Abstract

We studied the effect of epidermal leaf mining on the leaf chemistry of quaking aspen, Populus tremuloides, during an outbreak of the aspen leaf miner, Phyllocnistis populiella, in the boreal forest of interior Alaska. Phyllocnistis populiella feeds on the epidermal cells of P. tremuloides leaves. Eleven days after the onset of leaf mining, concentrations of the phenolic glycosides tremulacin and salicortin were significantly higher in aspen leaves that had received natural levels of leaf mining than in leaves sprayed with insecticide to reduce mining damage. In a second experiment, we examined the time course of induction in more detail. The levels of foliar phenolic glycosides in naturally mined ramets increased relative to the levels in insecticide-treated ramets on the ninth day following the onset of leaf mining. Induction occurred while some leaf miner larvae were still feeding and when leaves had sustained mining over 5% of the leaf surface.
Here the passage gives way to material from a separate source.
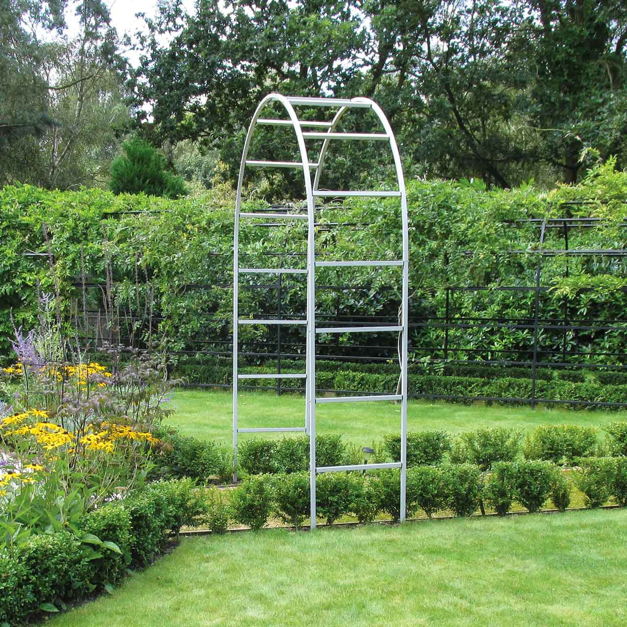 Der Rosenbogen »Roman Silk Grey« von Harrod Horticultural bietet jeder Bepflanzung sicheren und dauerhaften Halt. Das verwendete Vierkantrohr (A) in der Stärke 1,5 mm und dem Kantenmaß von 25 mm ist äußerst stabil. Er wird sorgfältig außen wie innen verzinkt und anschließend mit einer attraktiven Pulverbeschichtung in der Farbvariante 'Silk Grey' versehen. Damit ist das Material extrem witterungsbeständig.
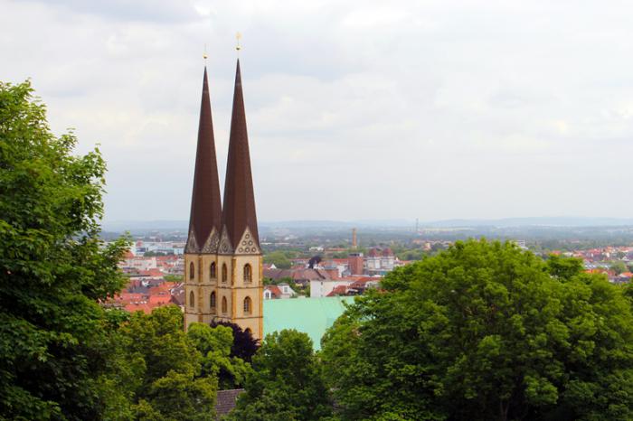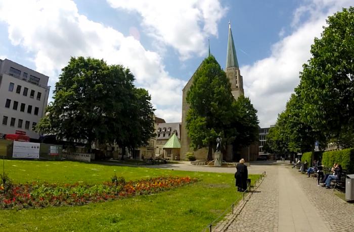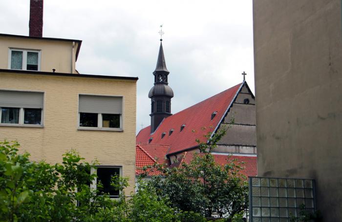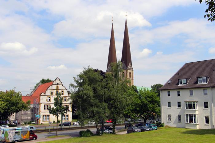 Дорога к замку пролегала мимо одной из основных городских достопримечательностей — церкви Святой Марии (Neustädter Marienkirche), являющейся ценнейшим памятником готической архитектуры Билефельда. Построен храм в XIII веке, башни Marienkirche взмывают ввысь на 78 метров.

Leaves with extrafloral nectaries (EFNs) had significantly higher constitutive and induced levels of phenolic glycosides than leaves lacking EFNs, but there was no difference in the ability of leaves with and without EFNs to induce phenolic glycosides in response to mining. Previous work showed that the extent of leaf mining damage was negatively related to the total foliar phenolic glycoside concentration, suggesting that phenolic glycosides deter or reduce mining damage. The results presented here demonstrate that induction of phenolic glycosides can be triggered by relatively small amounts of mining damage confined to the epidermal tissue, and that these changes in leaf chemistry occur while a subset of leaf miners are still feeding within the leaf.